Find the greatest common factor of 12 and 18.

• List all of the factor pairs of 12 and of 18.
• Circle the factors that appear in both lists.
• Place a triangle around the greatest of these common factors.

Use this same method to find the greatest common factor of 48 and 56.

#### References

EngageNY Mathematics Grade 6 Mathematics > Module 2 > Topic D > Lesson 18Example 1

Grade 6 Mathematics > Module 2 > Topic D > Lesson 18 of the New York State Common Core Mathematics Curriculum from EngageNY and Great Minds. © 2015 Great Minds.

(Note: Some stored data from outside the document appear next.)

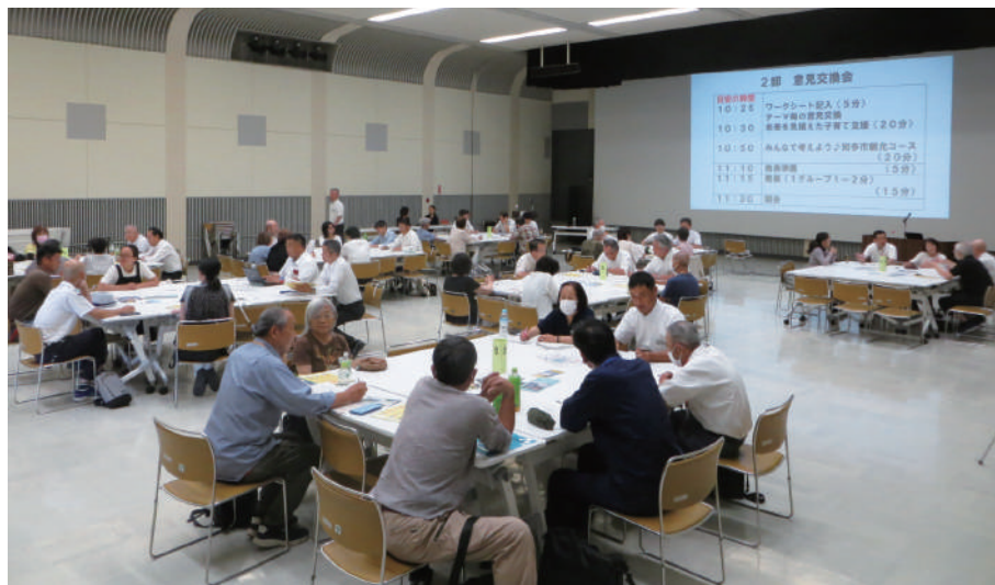
昨年度の議会報告会の様子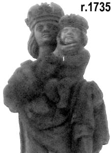
u silnice nad přehradou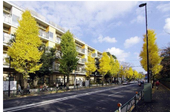
▲（取組 1-①、1-② 豊島区・目白小学校）

隣接する公園から連続する緩やかな緑の地形とすることで周囲の景観に溶け込むデザインとなっている。高さを抑えることで、港への眺望を確保するとともに、屋上庭園を開放し、新たな視点場を創出している。

Licensed by EngageNY of the New York State Education Department under the CC BY-NC-SA 3.0 US license. Accessed Dec. 2, 2016, 5:15 p.m..

Modified by The Match Foundation, Inc.

### Problem 2

Find the greatest common factor of 12 and 18 using prime factorization.

• Write 12 and 18 as products of prime factors using prime factorization.
• Draw a Venn diagram with prime factors of 12 in one circle and of 18 in another circle.
• Use the Venn diagram to find the greatest common factor.

Use this same method to find the greatest common factor of 48 and 56.

Use this same method to find the greatest common factor of 8 and 25. What happens in this example?

### Problem 3

Jasmine’s family is having a family picnic. Jasmine is planning on ordering enough pizza to have 96 slices and a tray of 72 cookies. She wants to make sure each family member gets the same number of cookies and slices of pizza. Based on this food order, what is the greatest number of family members Jasmine can invite to the picnic? How many slices of pizza and cookies will each family member get?

## Problem Set

? The following resources include problems and activities aligned to the objective of the lesson that can be used to create your own problem set.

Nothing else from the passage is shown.